Multiple web accessibility assessments

There’s been an awful lot written recently about the accessibility assessments in Socitm’s Better Connected reports. Some of it has been… well, let’s just say that some of it has been less than accurate! So here’s a detailed overview of the process we use for carrying out multiple assessments for projects like Better Connected, with some of the background about how we developed this process.

There are three main methods of assessing the accessibility of a website:

  1. Automated testing
  2. Expert human review
  3. End user testing

Each has its benefits and drawbacks:

  1. Automated testing - Automated tools can analyse many more web pages in a given length of time than is possible in either of the other two testing methods, and can be used to help identify and locate certain types of content to aid in expert and end user testing. However there are a limited number of issues which can genuinely be tested using automated tools, and there needs to be an agreed set of defined standards which one can test against.
  2. Expert human review - Brings human judgement into the assessment, making it possible to take a balanced view of the relative impact on end users of any accessibility problems uncovered in the assessment. However the inevitable cost and resource limitations mean that only a relatively small sample of pages in a site can be assessed, and care needs to be taken, when carrying out assessments of more than one website, that the judgements made are consistent and sensible.
  3. End user testing - Can reveal accessibility and usability problems which may not be spotted by other testing methods. However it does require more time and resources than an expert review, and requires the participation of several “end user” testers, ideally with a range of different disabilities and technical skill levels, along with one or more experts who can evaluate the problems encountered by the end user testers when using the site and the comments made by the testers, to draw out the real issues and avoid recommending changes based solely on the personal preferences of the testers.

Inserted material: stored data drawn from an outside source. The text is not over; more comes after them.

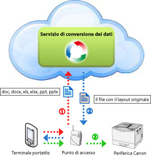 Se si utilizza il Servizio di conversione dei dati, viene eseguito un rendering mediante la comunicazione con un server su Internet. A seconda del contenuto dei dati da stampare e dell'ambiente di comunicazione in uso, il caricamento e il download dei dati possono impiegare alcuni minuti.
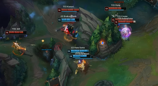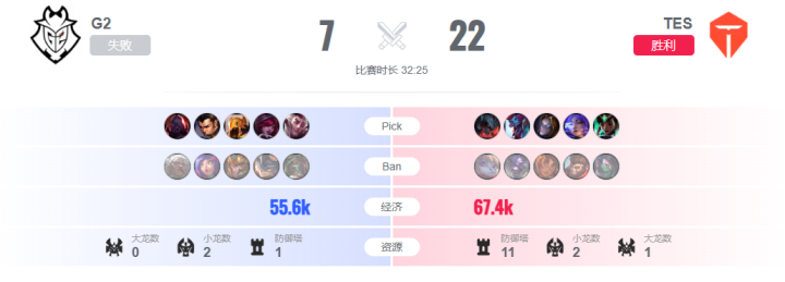 比赛的进程可谓是精彩纷呈。前期,3分钟时,Kanavi的巨魔发挥了重要作用,帮助JKL的芸阿娜获得一血,让TES在比赛初期就占据了优势。14分钟时,双方上路混战,TES上野配合默契,成功打出2换4的战绩,还推掉下路一血塔,经济领先不少。20分钟时,TES拿下厄塔汗并团灭G2,进一步巩固了自己的优势。
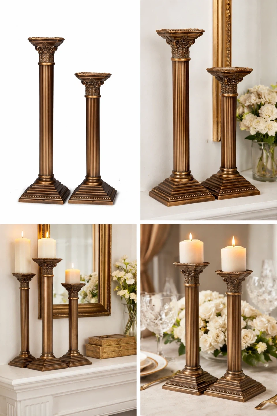 Pair of Decorative Column Candlestick Holders
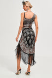 Sparkly Black Sequins Fringes Asymmetrical 1920s Gatsby Dress with Accessories Set
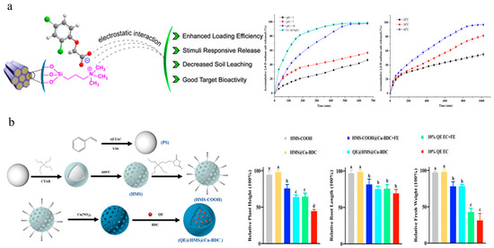 Silica-based nanoherbicides: (a) Preparation and controlled release of 2,4-D sodium salt@MSN-trimethylammonium nanoparticles [67]. Copyright, 2018 American Chemical Society; (b) Preparation and safety experiments of quizalofop-p-ethyl@HMS@Cu-BDC and rice safety [69]. Copyright, 2023 John Wiley & Sons Ltd.
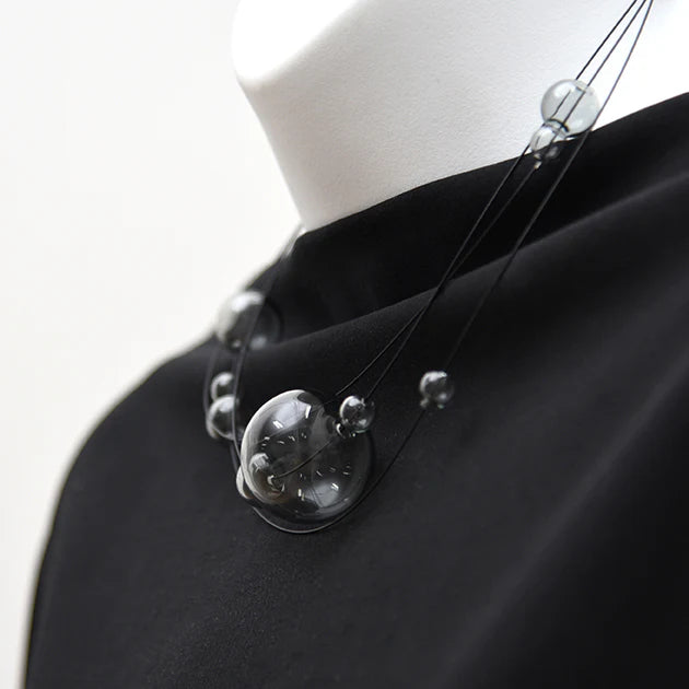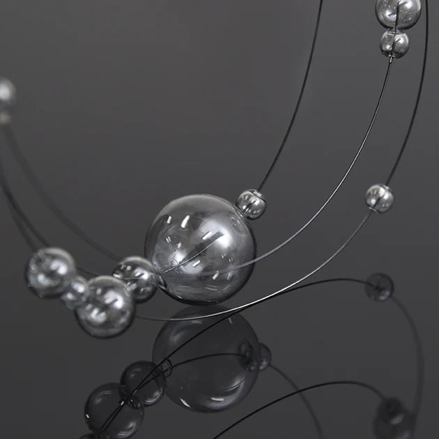 A stunning necklace with a floating-like layered design made up of three strands of carefully spaced glass orbs of assorted sizes. This piece is a dramatic ready-to-wear statement and features a magnetic clasp for easy on-and-off!

When assessing the accessibility of a website, the ideal would be to use a combination of all three methods. However, when it’s necessary to carry out multiple assessments over a short period of time (usually to get an overview of the state of web accessibility in a particular sector), this ideal, in-depth methodology isn’t feasible. As a result, multiple assessment projects are often handled by limiting the assessment either to the use of an automated tool, or to a human expert review of just the home page of the site. Both of these methods provide some useful information, but each has clear limitations which tend to devalue the results of the assessments and any conclusions drawn from them.

Combining automated analysis with manual assessment

Several years ago, we started to look at how we might combine automated testing with human expert review, to expand the scope and validity of this kind of multiple assessment. The initial focus was to enable us to expand the number of assessments we could carry out for Socitm’s Better Connected reports, but we’ve used the same methodology on other projects which call for multiple assessments over a limited time period.

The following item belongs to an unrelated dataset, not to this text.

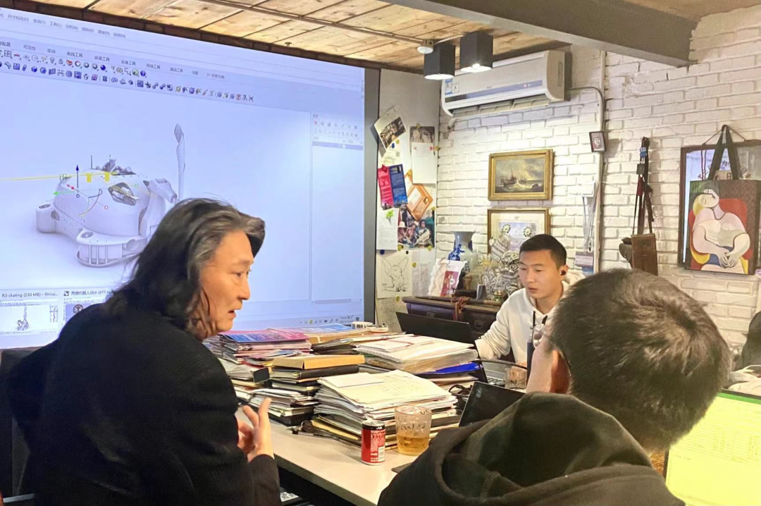 薛义教授(左一)与“智形”设计团队讨论工作

Since the most time consuming element in a combination of this kind is the human review phase, we looked at how the data from the automated testing phase might be used as a filter, with some data elements being used to determine whether or not a site proceeds to the manual testing phase. We wanted to find a balance between minimising the time required to assess each site and maximising the benefit of having a human review phase.

The assessment sequence

When testing compliance with WCAG1.0 at both level Single-A and level Double-A, the process has several stages:

  1. Automated testing of a designated number of pages on all of the sites involved in the assessment.
  2. Analysis of the data produced by the automated assessments, to determine which sites should go forward for manual assessment at WCAG1.0 level Single-A.
  3. Manual testing to level Single-A of those sites which pass certain level Single-A criteria in the automated tests (these are detailed later in this article).
  4. Further analysis of the data produced by the automated assessments in combination with the results of the manual assessments, to determine which sites should go forward for manual assessment at WCAG1.0 level Double-A.
  5. Manual testing to level Double-A of those sites which pass certain level Single-A and level Double-A criteria in the automated tests (these are detailed later in this article) and which also pass the manual testing at level Single-A.

Quality and consistency

Throughout the various phases of this process, a senior consultant carries out spot checks of the automated and manual assessment data. The master spreadsheet used to compile all of the data has checks built into it which will flag up possible problems with the automated data, and is also used to review the collated assessment data for inconsistencies or anomalies. If any are found, the original data is checked, and if necessary, automated and/or manual checks are repeated.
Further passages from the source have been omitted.